Fundamentação
No ordenamento jurídico brasileiro, o dever de sustento dos filhos por pais separados é um princípio basilar, previsto tanto na Constituição Federal em seu art. 226, §5º e no Código Civil, art. 1.694 e seguintes. Esse dever, que abrange alimentação, moradia, educação, saúde e outras necessidades essenciais, permanece intacto após a separação, sendo frequentemente objeto de ações judiciais para garantir o equilíbrio entre as possibilidades dos genitores e as demandas dos menores.
Pensão alimentícia: Mais que alimentos
A pensão alimentícia, regulada pela Lei nº 5.478/68 e pelo Código Civil, não se limita à alimentação em sentido estrito. Ela engloba todas as despesas indispensáveis ao bem-estar da criança ou adolescente, incluindo a moradia. A fixação do valor ocorre com base no binômio necessidade-possibilidade, analisado caso a caso pelo juiz, que considera a condição financeira do alimentante e as demandas do alimentando.
Um questionamento recorrente no direito de família é se o genitor que paga pensão alimentícia, geralmente o pai em casos de guarda unilateral com a mãe, também deve arcar com uma parcela específica das despesas de moradia, como o aluguel, além do montante mensal já estipulado.
Moradia como parte do sustento
A jurisprudência brasileira reconhece a moradia como elemento essencial à dignidade do menor, podendo ser incluída na pensão ou tratada como obrigação complementar. Não há, contudo, uma regra fixa que determine a divisão igualitária (50%) dessas despesas, como o aluguel. O que prevalece é a análise judicial das circunstâncias concretas, como a renda de ambos os genitores e os custos reais da habitação dos filhos.
Decisão judicial na Comarca de Descalvado concede esse direito aos filhos menores
Um exemplo recente desse entendimento ocorreu na Comarca de Descalvado, interior de São Paulo. Em uma ação revisional de alimentos (Processo nº 1000628-74.2023.8.26.0160), cujo julgamento se deu em abril de 2025, que além determinar que o alimentante pague pensão alimentícia fixada em 30% de seu salário líquido (15% para cada filho) e custear o plano de saúde, também contribua com 50% das despesas de moradia dos filhos.

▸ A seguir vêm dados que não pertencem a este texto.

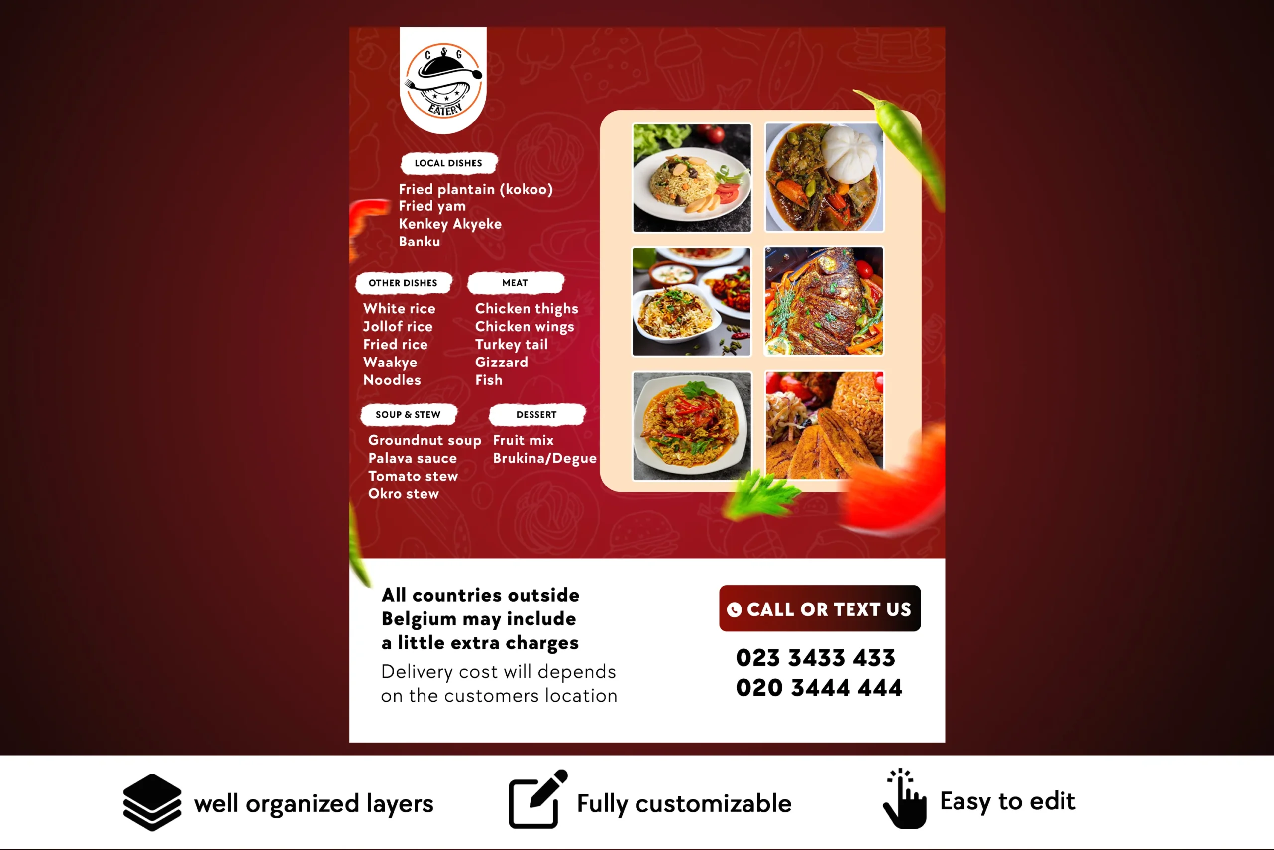 Promote your restaurant or food business with this C&G Eatery Food Flyer PSD Template. This free, editable flyer showcases a rich menu of local and continental dishes like fried rice, waakye, banku, jollof, grilled fish, and more. Designed with a clean layout and appetizing visuals, it’s perfect for African or international eateries, food delivery services, and catering businesses. The PSD file is fully layered and easy to customize in Adobe Photoshop.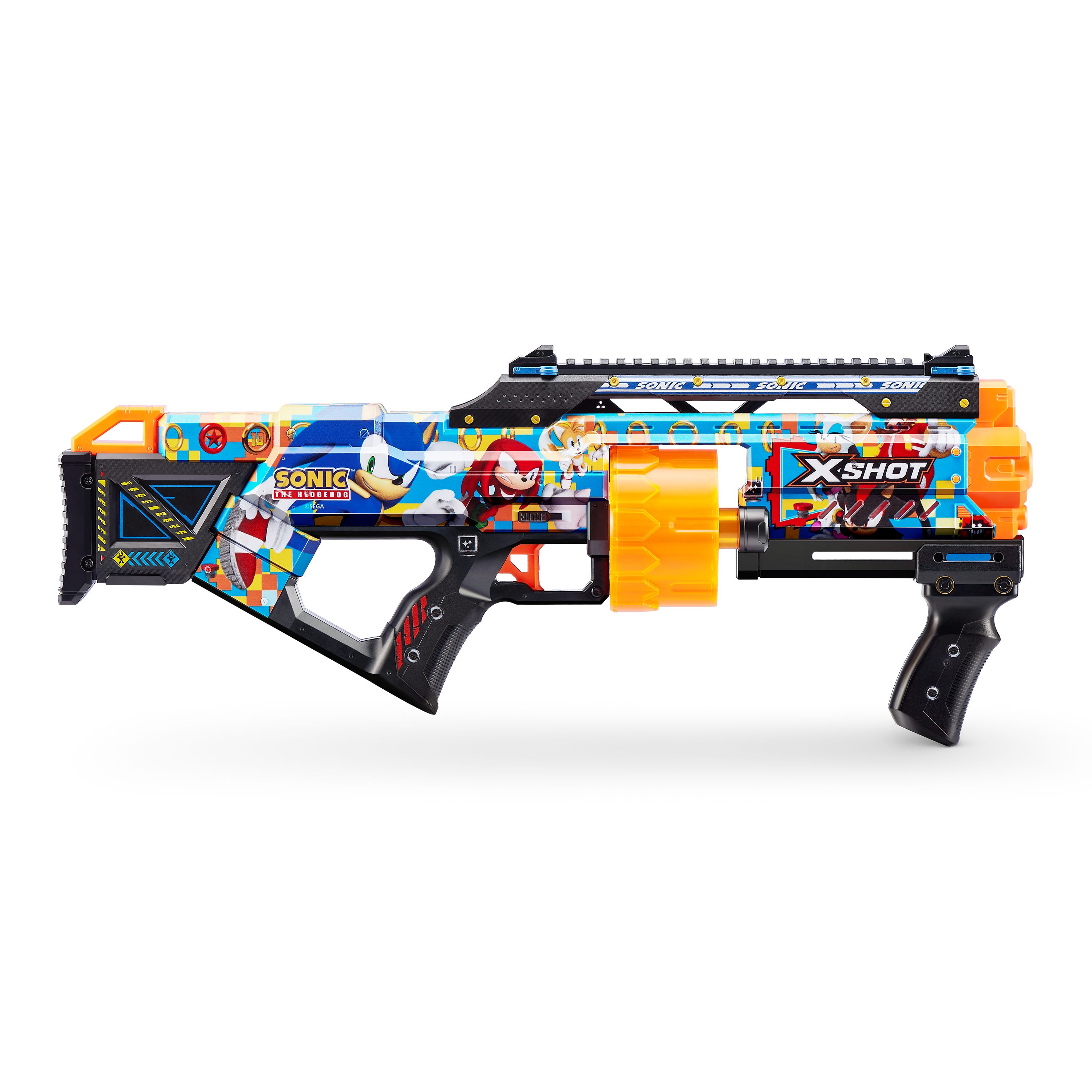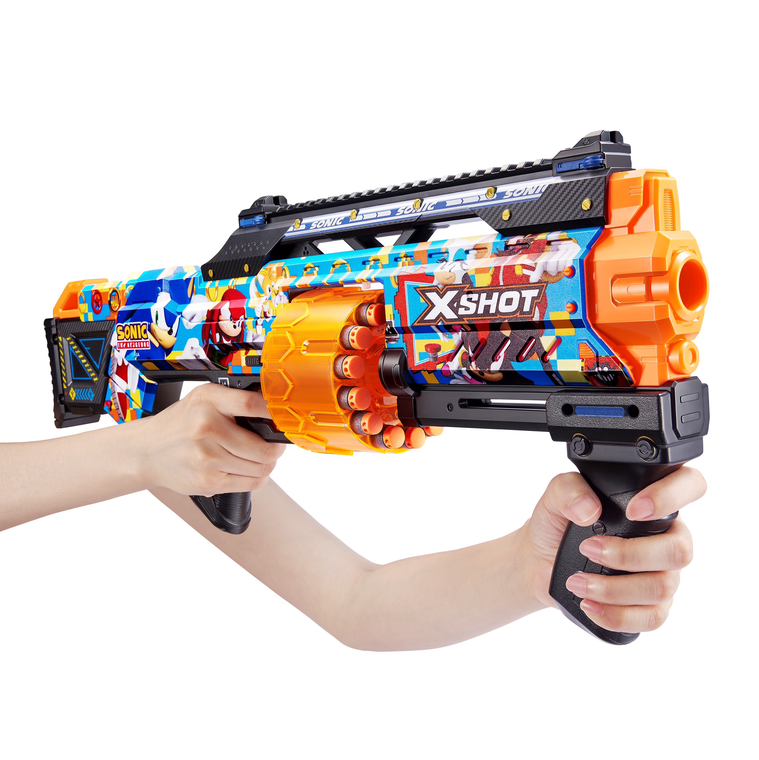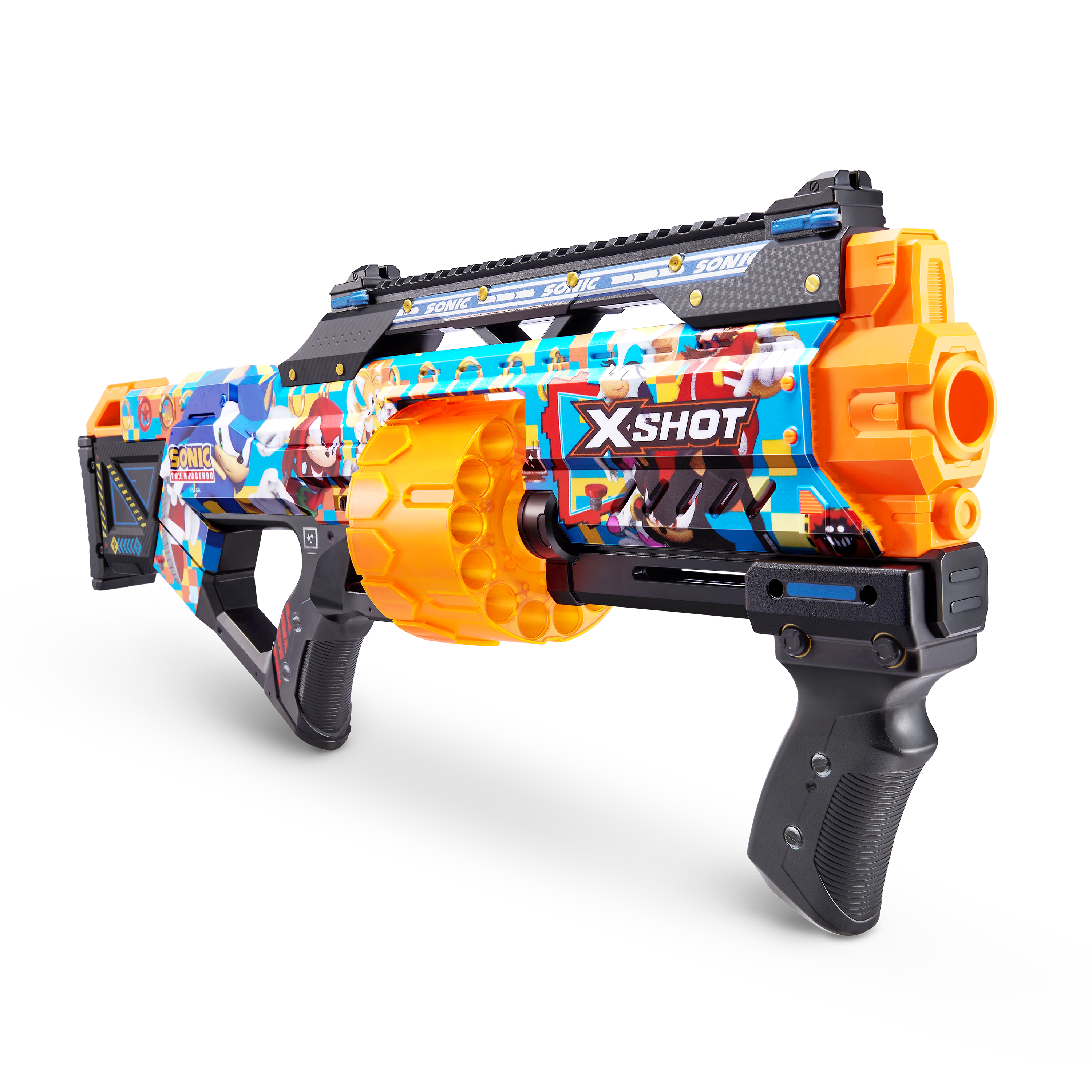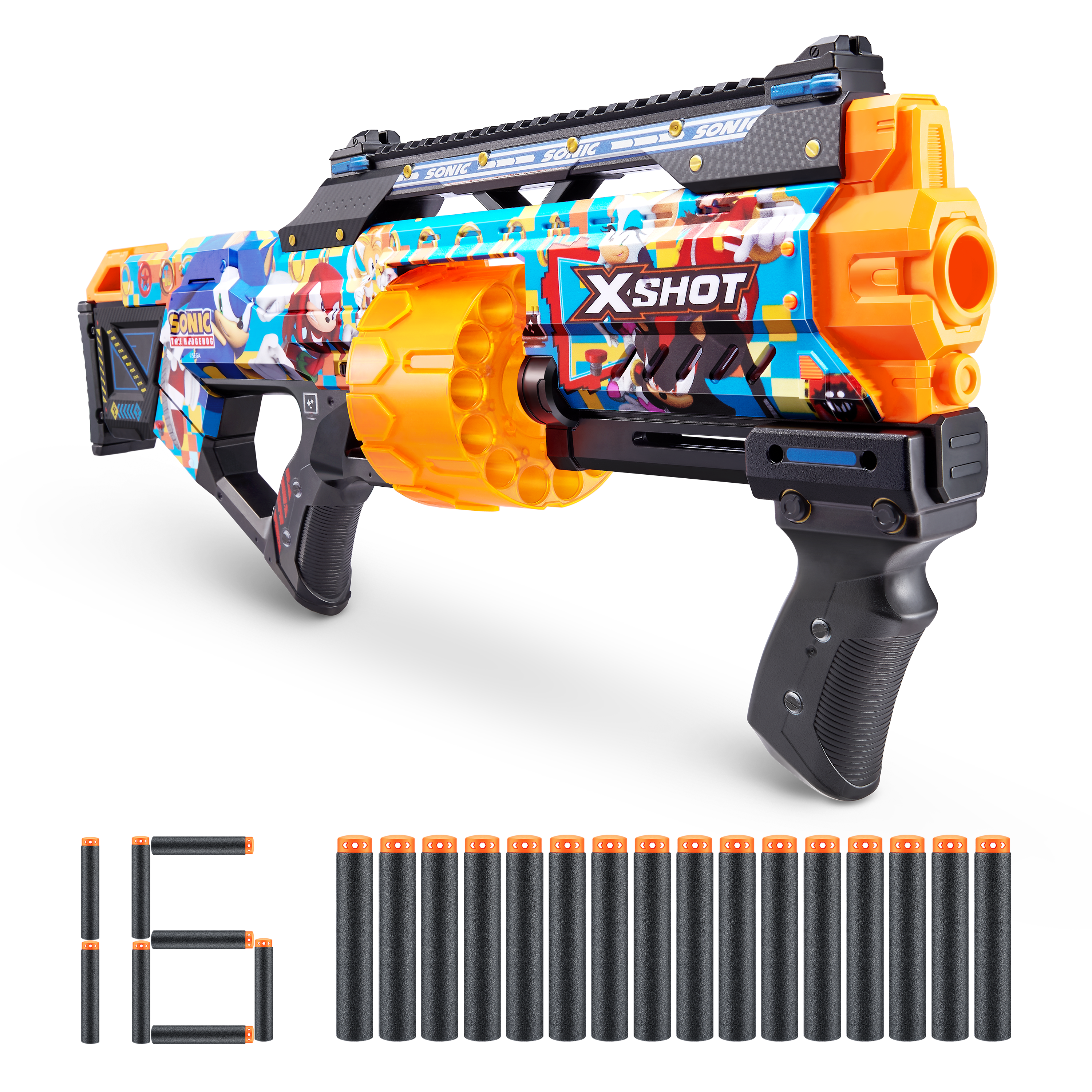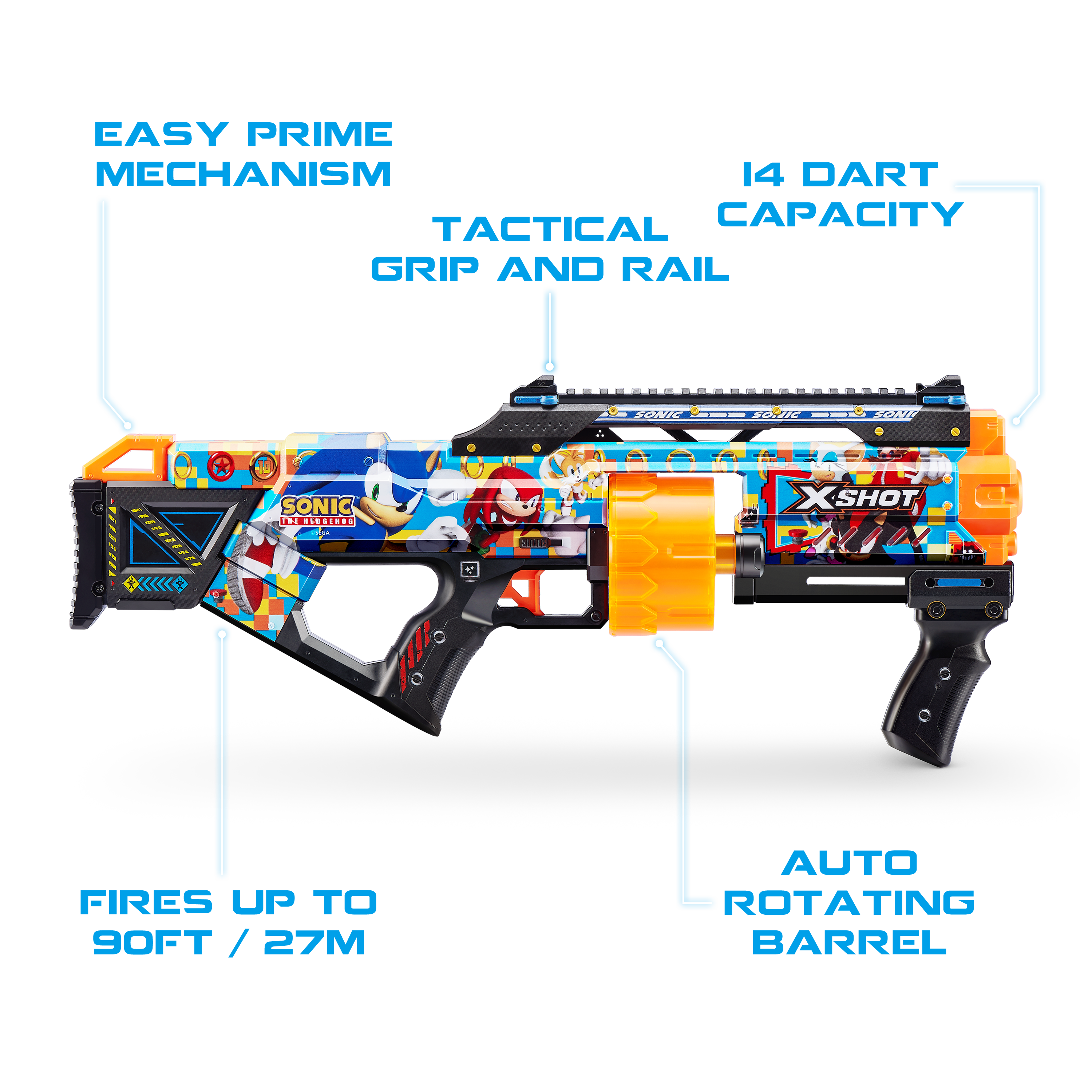 Skin your blaster with the super speed of Sonic the Hedgehog! With a 14-dart capacity auto-rotating barrel you can hit multiple targets up to 27m / 90 feet away. Unleash 14 darts in seconds thanks to its Slam Fire action. The Last Stand comes with a tactical grip and rail for easy loading and allows you to add accessories to your blaster to level up. Go NEXT LEVEL with XSHOT!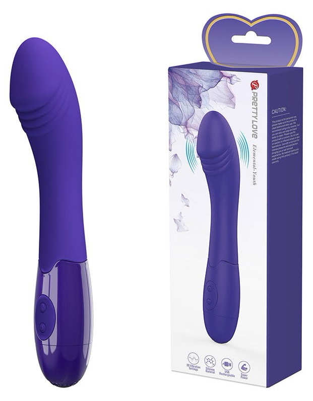 Vibrator Pretty Love Elemental Youth, conceput pentru surescitarea punctului G. Carcasă din silicon și ABS, 30 moduri de vibrație, cu acumulator și waterproof. Aspect subțire, vârf curbat pentru atingere precis.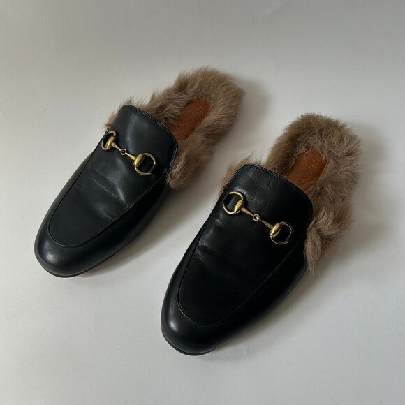 Gucci Princetown Horsebit Accent Leather Slippers. Features gold Horsebit hardware and goat fur trim.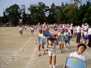 | 校長先生のお話を聞きます。 | 後片付けです。 |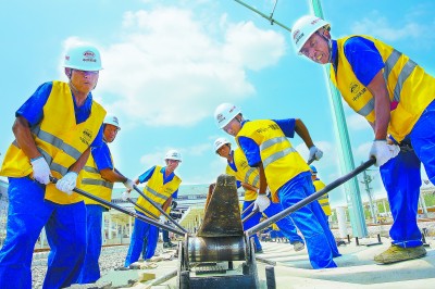 7月24日,由中铁十一局等单位建设的我国华东地区第二条快速客运通道——商合杭高铁合肥至商丘段铺轨完成。该高铁全长约794.55公里,设计时速350公里,预计2020年全线开通运营。届时,杭州至商丘将由11个小时缩短至4个小时左右。图为作业人员正在铺设最后一组500米长轨。 彭 特 摄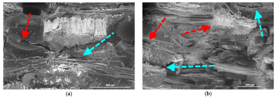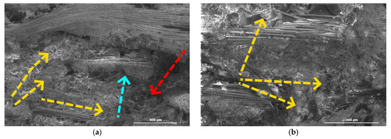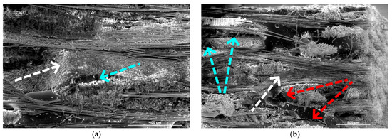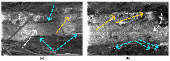 PE-modified (a) untreated and (b) treated specimens (red arrows: matrix cracks, cyan arrows: delaminations, yellow arrows: PE).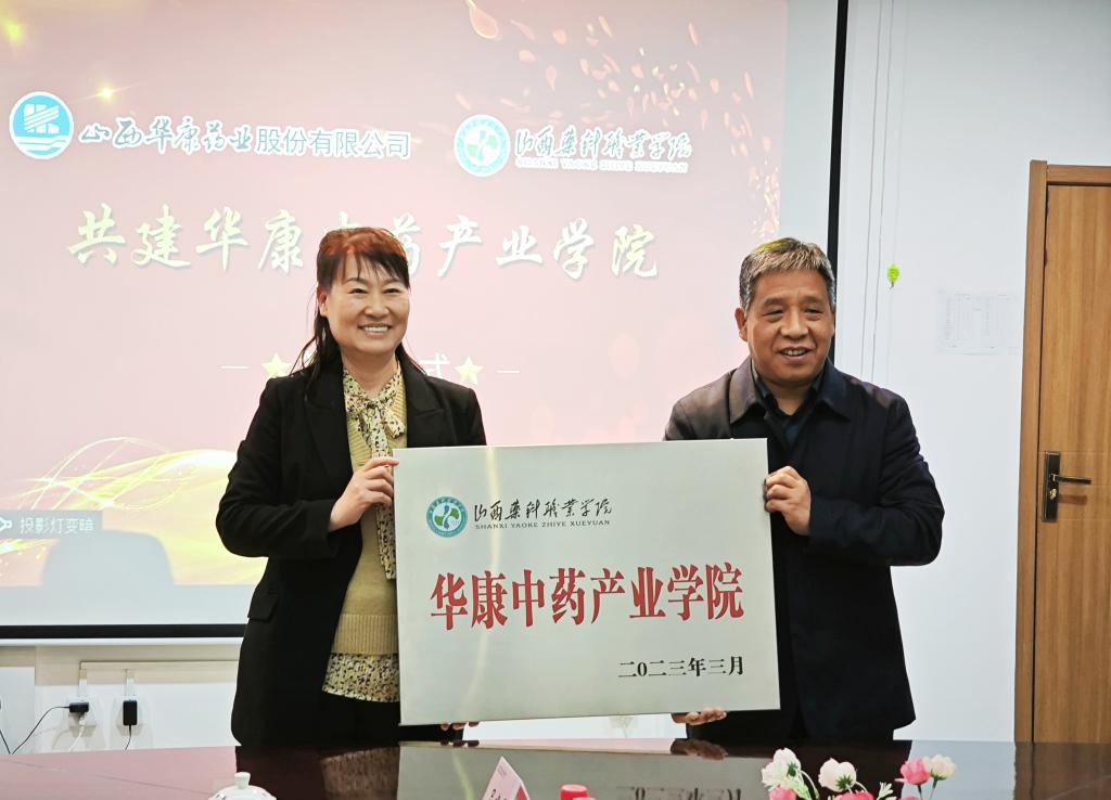 张轩萍与董光明共同为华康产业学院授牌,校企双方共同签署华康中药产业学院协议。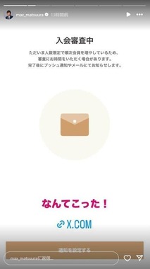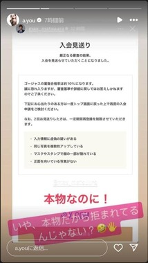また、松浦氏は同日、インスタグラムのストーリーズにも審査結果の画面を投稿し、「本物なのに!」と訴えていた。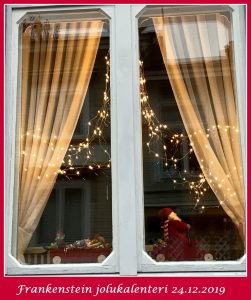 Ja sitten havainto Mannerheiminkadulla Kristiinankadun risteyksen jälkeen. 90 prosenttia väestä näkee ahkeran Nevarin Henkan putiikin ikkunan, mutta ani harva huomaa Frankensteinin joulukalenteri-ikkunat. Kaupallisuus on joulun vahvin sanoma, sanotaan mitä sanotaan.

A ação foi proposta pelo escritório de advocacia Rodrigo Oliveira, que representou os menores. O sucesso no pleito reforça a possibilidade de o Judiciário reconhecer a moradia como parte integrante do dever de sustento, especialmente quando demonstrada a insuficiência da pensão para cobrir todas as despesas essenciais.
“A decisão proferida pela Vara da Comarca de Descalvado constitui um marco na garantia dos direitos dos menores, ao reconhecer que o dever de sustento, insculpido no ordenamento jurídico brasileiro, abrange não apenas a pensão alimentícia tradicional, mas também a responsabilidade compartilhada pela moradia digna dos filhos, em estrita observância ao princípio do melhor interesse da criança e à equidade entre os genitores“, salientou Dr. Rodrigo Oliveira.
Flexibilidade e o melhor interesse da criança
O caso de Descalvado ilustra a flexibilidade do direito de família brasileiro, que prioriza o melhor interesse da criança, conforme o Estatuto da Criança e do Adolescente – ECA, Lei nº 8.069/1990. Embora o Código Civil não imponha automaticamente a divisão de 50% do aluguel ou outras despesas de moradia, decisões como essa mostram que o juiz pode determinar tal obrigação quando as provas indicam sua necessidade e a capacidade financeira do alimentante.
O Superior Tribunal de Justiça – STJ, no Tema 192, consolidou o fato de que a pensão deve incidir sobre rendimentos como 13º salário e terço de férias, mas não há tema específico que verse sobre verbas indenizatórias, como FGTS e rescisórias.
Conclusão
A vitória obtida na Comarca de Descalvado destaca a importância da assessoria jurídica qualificada para garantir que os direitos dos filhos sejam plenamente assegurados. O precedente reforça que o pai pagante de pensão pode, sim, ser compelido a custear parte das despesas de moradia, como o aluguel ou financiamento, desde que isso seja essencial ao bem-estar dos menores e compatível com sua condição econômica. Trata-se de uma aplicação prática do princípio da igualdade de deveres entre os genitores, adaptada às realidades de cada família.